Month: June 2011


My Fantasy Team is Doing Fucking Work this Week


My team is so streaky. One week I blow everyone away and the next week, I’m hopeless. This week is out of control… And I still have 4 days of baseball left to add to it… 292 points already. Some people have like 95. HA.

My players are hitting .350
My pitchers’ ERA is 0.72 combined

The line:29-83, 8 2B, 2 3B, 9 HR, 23 RBI, 18 R, SB, 14 BB, 12 KO, CS,31.2 INN, 22 HA, 8 BBI, 27 K, 3 ER, 2 W, 6 S

No, I will NOT trade you Bautista or Lincecum. Enfuckinjoyyyyyyy.

What’s Up With Google’s New Ugly Ass Gray Bar?


What the hell is this shit? What the fuck is this ugly assed gray bar that Google rolled out? Why gray? Since when does Google use gray as a color? That bar used to be offwhite and blue?

I’m sorry, but gray completely clashes with the rest of Google’s image. Sorry guys. WhatasinineUI designer proposed that and second of, who the hell approved it? That’s crazy as hell!

I Need to Catch Up With this Blog


Last June, I had like 50 blog posts at this point because I was out of control working in the school district all day sitting in the TV studio and blogging like it was my job. When the keypad of the back room started beeping and it was my boss, I would jolt up and bolt out the back door. Now that I have a real job and am a lazy fucking guy, I never blog much anymore. Not that anyone reads it. Except like 4 people. But that’s a good ass thing. Essentially, if anyone saw what I wrote they’d think I was a crazy guy. Well the answer is I’m not. I’m just fun. And half the shit I write is all a joke and for fun. So en-fuckin-joyyyyy.

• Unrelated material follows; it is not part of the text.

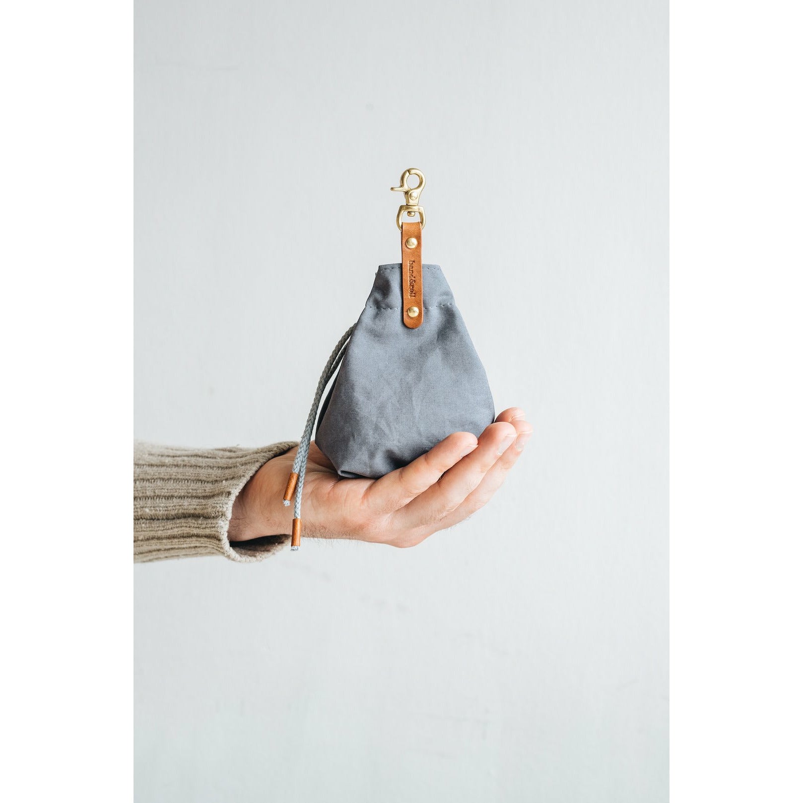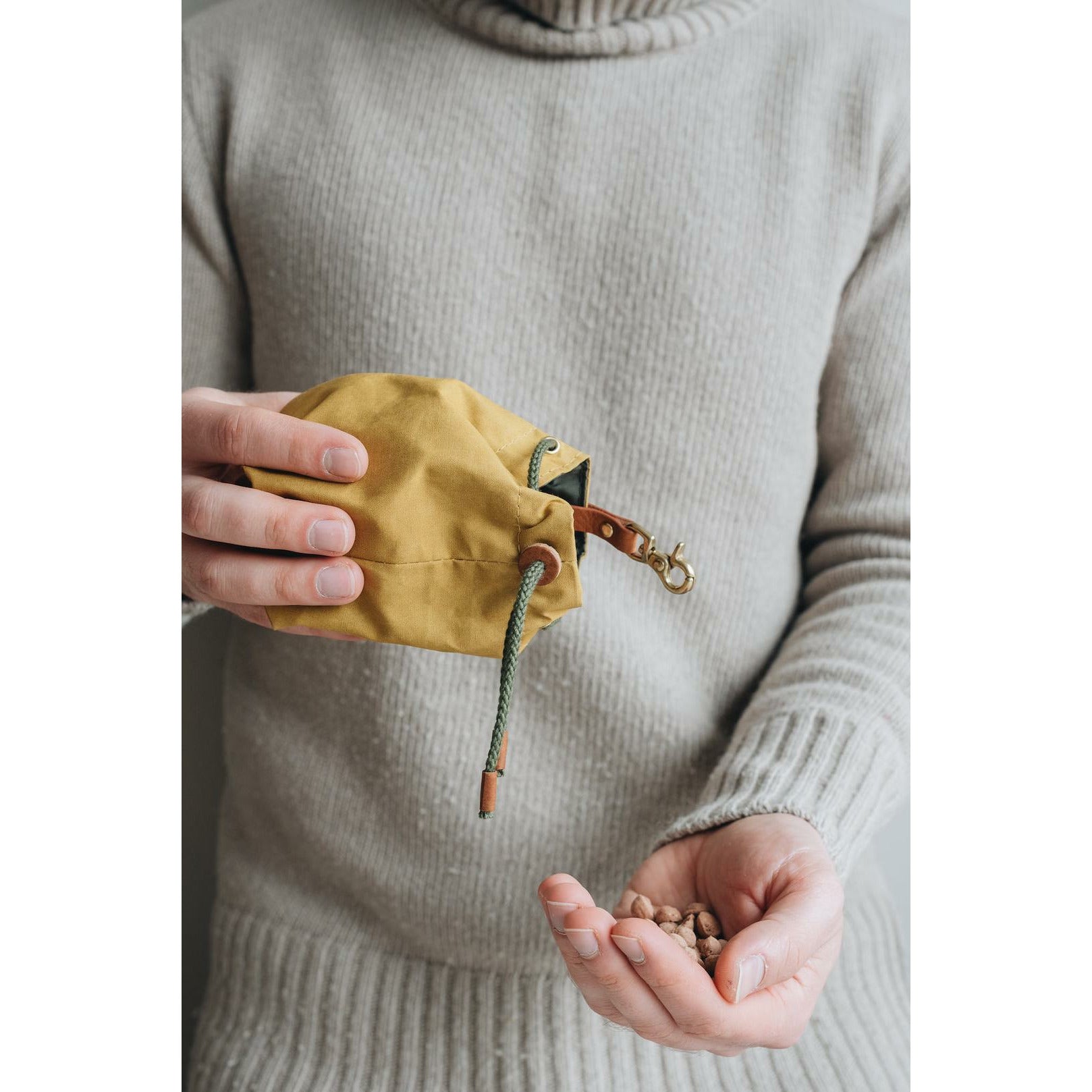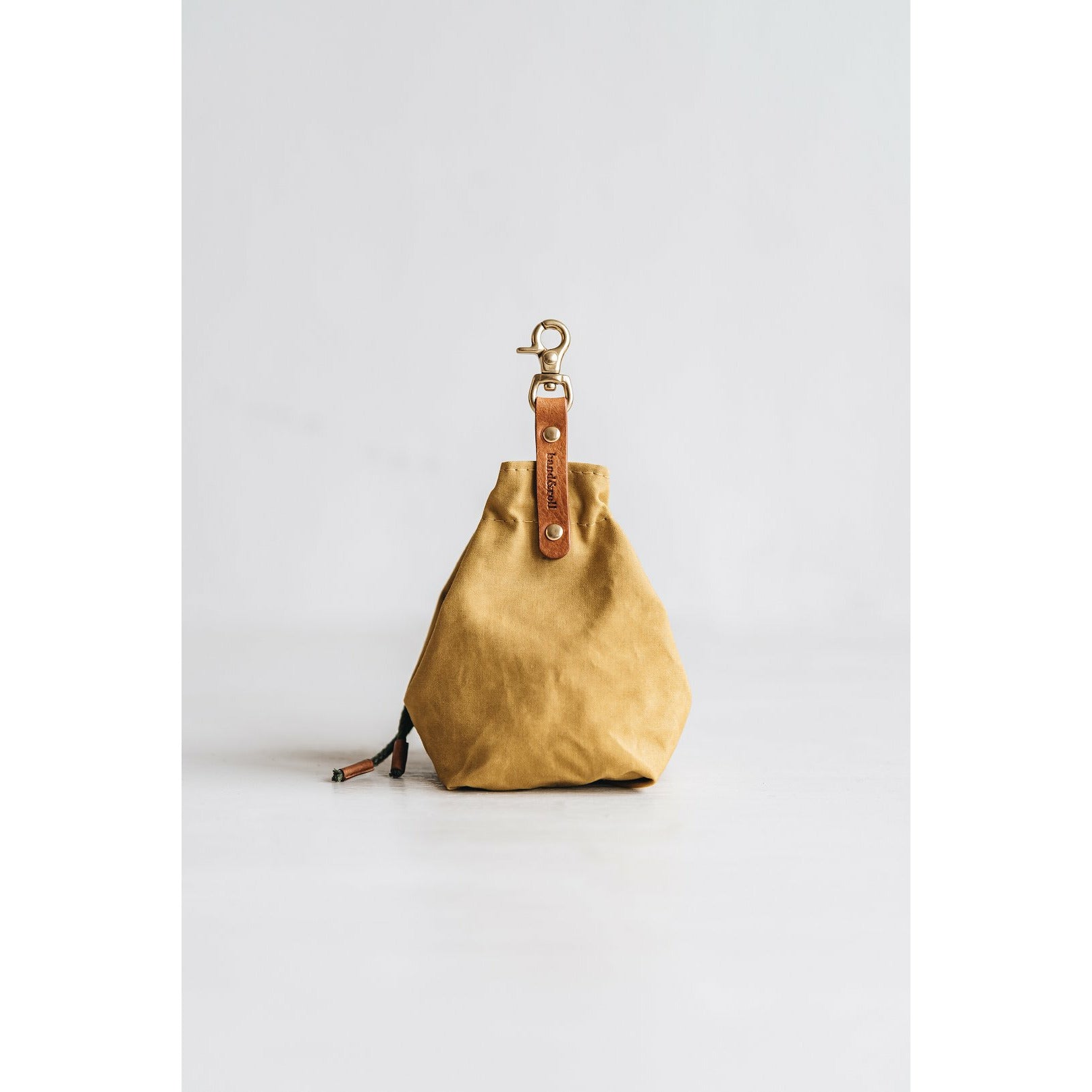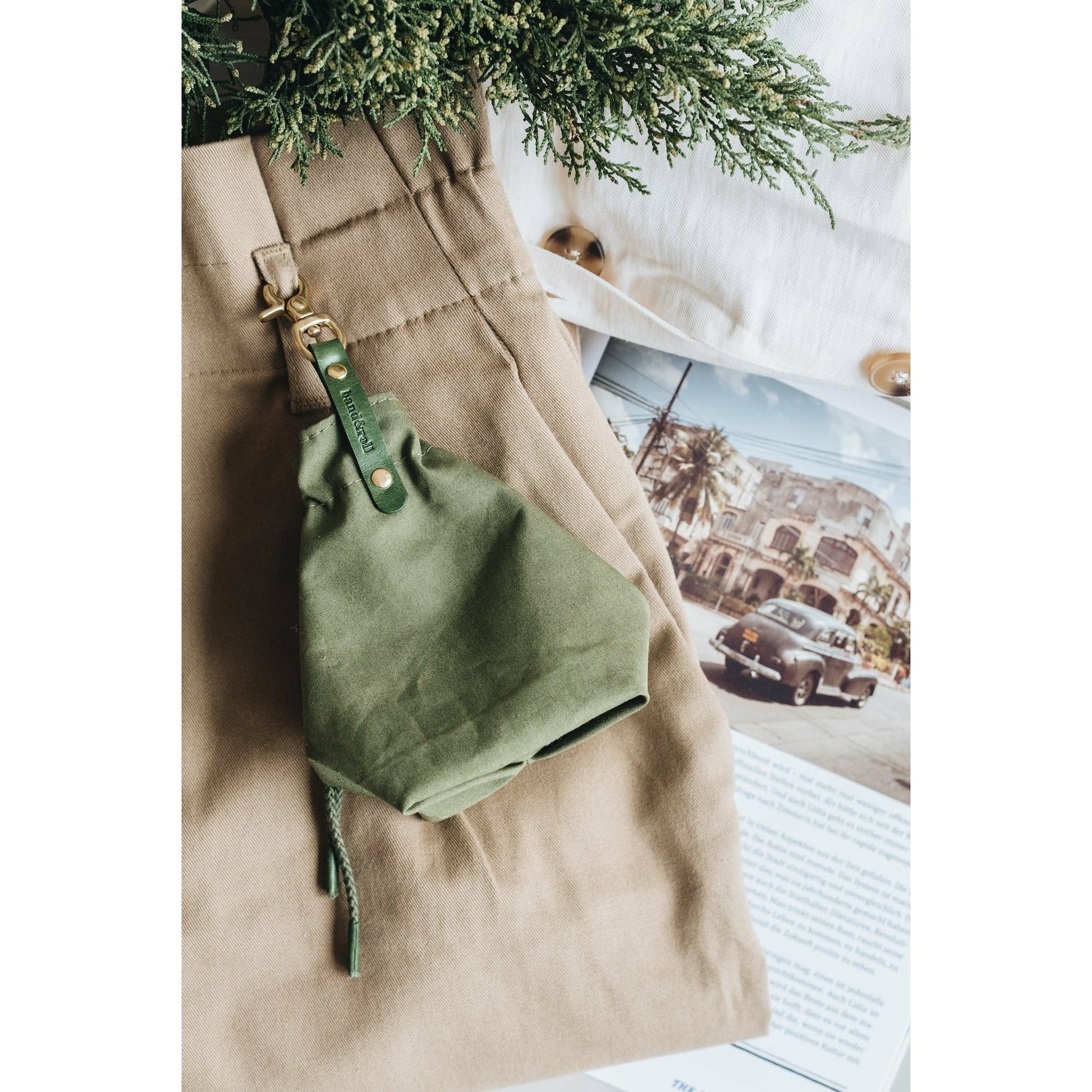 Die kleine Tasche aus gewachstem Canvas mit Leder- und Baumwollapplikationen ist perfekt für Leckerlis und ist handgefertigt in der Familienwerkstatt von band&roll in Berlin.

You Can Suck My Dick If 20 out of Your Last 22 Facebook Profile Pictures Are You and Your BF


A little God Damn excessive, no? Normally, I wouldn’t notice and/or care about these things, but I was at the bar and someone pointed this out to me. What a good point. You know who’s in my Facebook profile pictures? Mother fuckin’ me. And that’s all. Maybe me and my boys here and there. But it’s my profile picture. Starring me. And how hot I am. And how the biddies want to bang out, but I’m too good for them and won’t let them. I steal the show. It’s not some couples profile shit for fucks sake.

So I have one message to all you jokers who like to brag and show off how awesome you are because you’re having sexy time in every picture: Fucking blow me. Because I’m better than your mother fuckin joke boyfriend.

This Facebook Song Sucks


httpv://www.youtube.com/watch?v=9gfg1OwAO2E

I saw this on Gizmodo and they were raving about it. So I watched it for a while… and it fucking sucks. I can’t decide if this girl is hot or not, but I’m going to have to go with absolutely not. I mean she’s not the worst, butshe’s no Kymberlee. Second off, the music isn’t catchy. She’s just motormouth rambling and bitching about Facebook. If the lyrics weren’t there I’d have no idea what she was saying.

If you want to go with some kind of awesome internet tune, check out theGoogle Doodle Song, which is WAY LEGIT.